Pine trees in the Rocky Mountains are being jeopardized by beetle infestations, while new forests are encroaching on the Alaskan tundra. East coast beaches and marshes are succumbing to rising seas, especially in places where development prevents their natural migration landward. Polar bears, seals, and walrus are struggling to survive in a world of dwindling sea ice, which is their required habitat. Birds and butterflies have had to shift their breeding season and the timing of their seasonal migrations. Fish are dying by the thousands during intense and lengthy droughts and heat waves. Many plant and wildlife species are shifting their entire ranges to colder locales, in many cases two- to three-times faster than scientists anticipated.

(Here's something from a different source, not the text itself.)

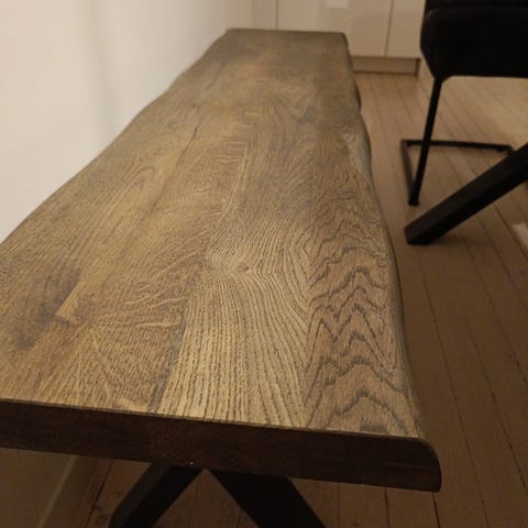4 stk. spisebordstoler i svartlakkert eikefinér. Ben er svartlakkert stål. Avtagbar filt på setet til alle 4 følger med. Sittehøyde 46 cm. Selges samlet.

Without significant new steps to reduce carbon pollution, our planet will warm by 7 to 11 degrees Fahrenheit by the end of the century, with devastating consequences for wildlife. America must be a leader in taking swift, significant action to reduce pollution and restore the ability of farms, forests, and other natural lands to absorb and store carbon. This means rapidly deploying clean, renewable energy sources, such as wind, solar, geothermal and sustainable bioenergy, while curbing the use of dirty energy reserves. And it means reducing the carbon pollution from smokestacks that is driving the climate change harming wildlife.
Because of the warming already underway and the time it will take to transform our energy systems, we will be unable to avoid many of the impacts of climate change. Our approaches to wildlife conservation and natural resource management need to account for the new challenges posed by climate change. We must embrace forward- looking goals, take steps to make our ecosystems more resilient, and ensure that species are able to shift ranges in response to changing conditions. At the same time, we need to protect our communities from climate-fueled weather extremes by making smarter development investments, especially those that employ the natural benefits of resilient ecosystems.
The challenges that climate change poses for wildlife and people are daunting. Fortunately, we know what’s causing these changes and we know what needs to be done to chart a better course for the future. As we begin to see whole ecosystems transform before our very eyes, it is clear that we have no time to waste.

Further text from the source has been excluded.